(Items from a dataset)
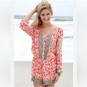 EUC! Really beautiful! Free People Red Bronze Gardenia Shorts Romper Long Sleeve
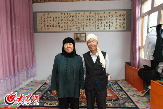 韓占祥與老伴在自己家的禮拜堂里。與其他家傳統的禮拜堂不同的是,他自己寫的一幗贊頌撒拉族的書法掛在墻上。
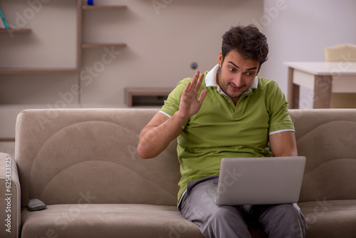 student, home, house, man, young, working, from, computer, laptop, online, cyberspace, telecommuting, telecommuting, freelance, freelancer, quarantine, isolation, pandemic, virus, social, distance, call, calling, video, telecom, meeting, conference, teleconference, discussing, explaining, waving, hand, virtual, business, businessman, adviser, remote, learning, distant
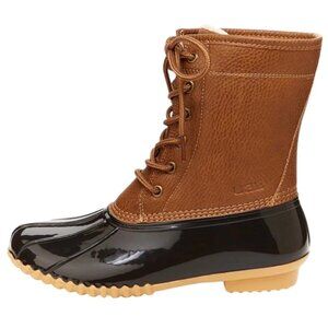 Inspired by the great outdoors, a traditional water resistant lace up duck boot featuring faux fur lining and comfortable insoles to ensure maximum coziness for the great outdoors and indoors. Water resistant. Approximat 10 1/2" shaft height and 7" circumference. Contoured ethylene vinyl acetate insoles. Faux fur lining keeps you cozy.
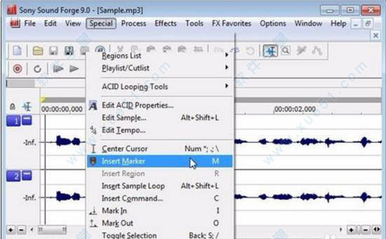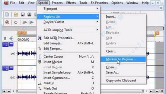 5、接着我们再选择菜单 Special - Region List - Markers to Regions,将 Mark 转换为 Region
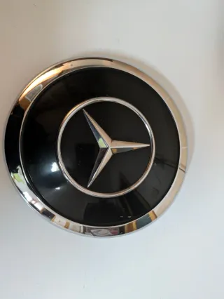 Tampão de roda clássico para Mercedes-Benz, compatível com modelos como o W113. - Design icónico da estrela de três pontas. - Acabamento cromado e preto brilhante. Ligeiro empeno!
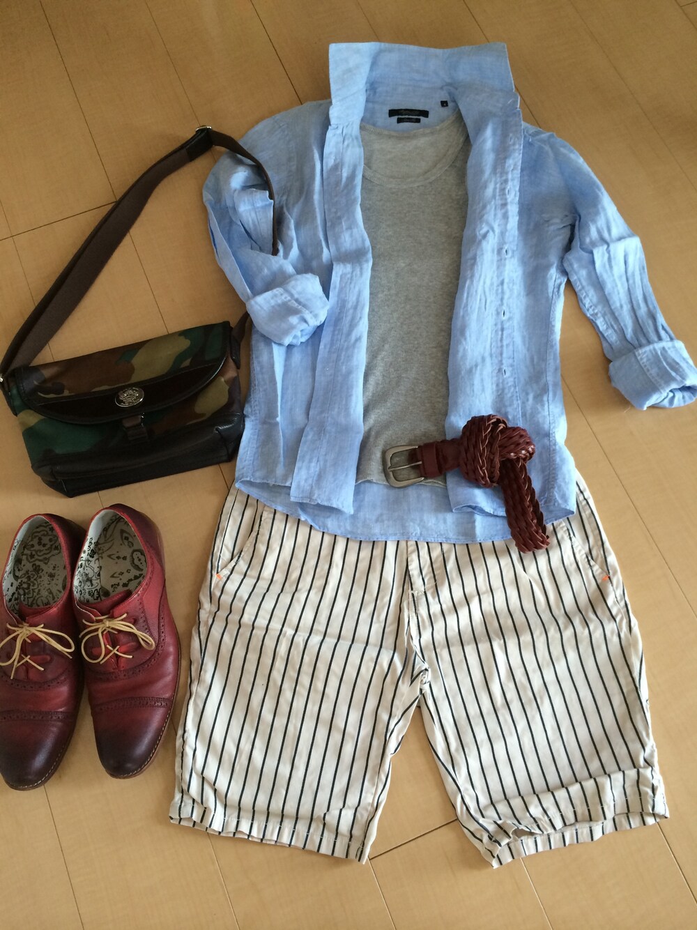 今日は暑いので全体的に涼しげなカラーで抑えて赤でアクセントを✨
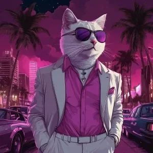 «A pastel-colored Shiba cat in a Miami Vice outfit – white suit,...»
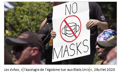 2/ Dans le monde occidental en particulier, de nombreuses manifestants récalcitrants au port du masque se sont opposées aux mesures imposées par les gouvernements au nom de la liberté individuelle. Les gouvernements ont pris des mesures plus ou moins contraignantes pour endiguer la pandémie, les représentations du risque diffèrent d’une société à l’autre mais aussi d’un individu à l’autre. La représentation du risque est bien une construction sociale.
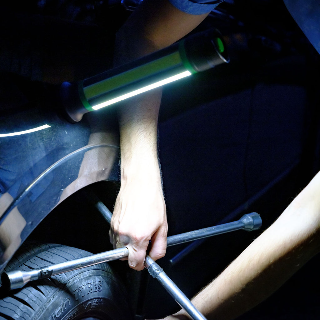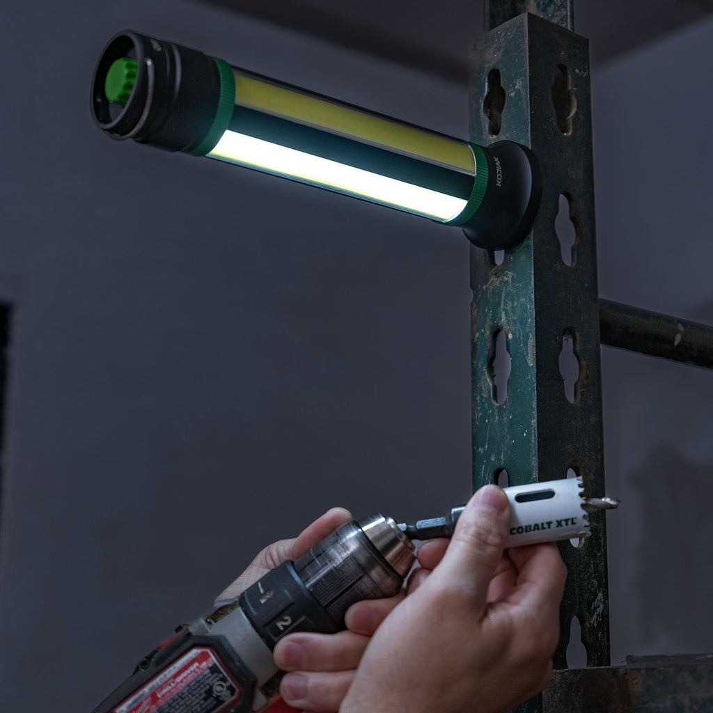 The Kuadrant offers flexible mounting options. Use the flip-up handle for carrying or hanging, or attach it to most smooth, rust-free metal surfaces using the powerful base magnet. Its multi-directional panel design makes it easy to aim light in nearly any direction for hands-free work.
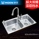 摩恩304不锈钢加厚厨房水槽双槽套餐水龙头洗菜盆台下洗碗盆水池
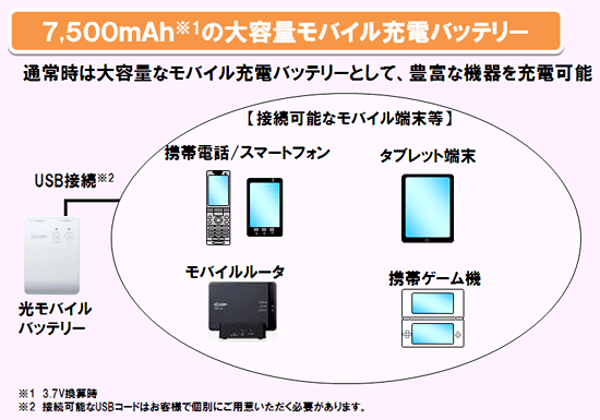 - モバイル端末への給電機能とひかり電話対応機器(ホームゲートウェイ)への給電機能の両方を具備したモバイルバッテリー
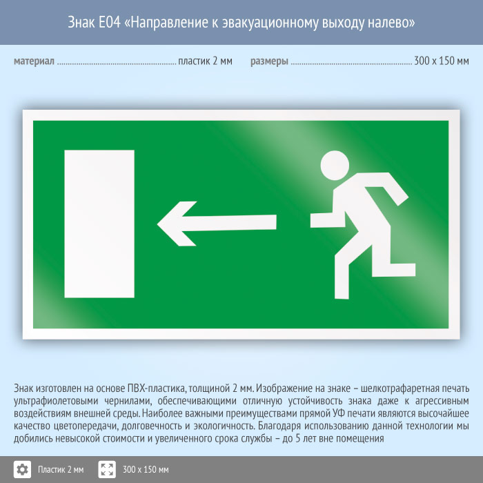 Знак E04 «Направление к эвакуационному выходу налево» (пластик, 300х150 мм) в Альметьевске купить

▶ _ASSIGNMENT_
A faithful, complete copy of the records above is required, one that contains no pictures.

▶ _SOLUTION FOR THIS TASK_
 EUC! Really beautiful! Free People Red Bronze Gardenia Shorts Romper Long Sleeve
 韓占祥與老伴在自己家的禮拜堂里。與其他家傳統的禮拜堂不同的是,他自己寫的一幗贊頌撒拉族的書法掛在墻上。
 student, home, house, man, young, working, from, computer, laptop, online, cyberspace, telecommuting, telecommuting, freelance, freelancer, quarantine, isolation, pandemic, virus, social, distance, call, calling, video, telecom, meeting, conference, teleconference, discussing, explaining, waving, hand, virtual, business, businessman, adviser, remote, learning, distant
 Inspired by the great outdoors, a traditional water resistant lace up duck boot featuring faux fur lining and comfortable insoles to ensure maximum coziness for the great outdoors and indoors. Water resistant. Approximat 10 1/2" shaft height and 7" circumference. Contoured ethylene vinyl acetate insoles. Faux fur lining keeps you cozy.
 5、接着我们再选择菜单 Special - Region List - Markers to Regions,将 Mark 转换为 Region
 Tampão de roda clássico para Mercedes-Benz, compatível com modelos como o W113. - Design icónico da estrela de três pontas. - Acabamento cromado e preto brilhante. Ligeiro empeno!
 今日は暑いので全体的に涼しげなカラーで抑えて赤でアクセントを✨
 «A pastel-colored Shiba cat in a Miami Vice outfit – white suit,...»
 2/ Dans le monde occidental en particulier, de nombreuses manifestants récalcitrants au port du masque se sont opposées aux mesures imposées par les gouvernements au nom de la liberté individuelle. Les gouvernements ont pris des mesures plus ou moins contraignantes pour endiguer la pandémie, les représentations du risque diffèrent d’une société à l’autre mais aussi d’un individu à l’autre. La représentation du risque est bien une construction sociale.
 The Kuadrant offers flexible mounting options. Use the flip-up handle for carrying or hanging, or attach it to most smooth, rust-free metal surfaces using the powerful base magnet. Its multi-directional panel design makes it easy to aim light in nearly any direction for hands-free work.
 摩恩304不锈钢加厚厨房水槽双槽套餐水龙头洗菜盆台下洗碗盆水池
 - モバイル端末への給電機能とひかり電話対応機器(ホームゲートウェイ)への給電機能の両方を具備したモバイルバッテリー
 Знак E04 «Направление к эвакуационному выходу налево» (пластик, 300х150 мм) в Альметьевске купить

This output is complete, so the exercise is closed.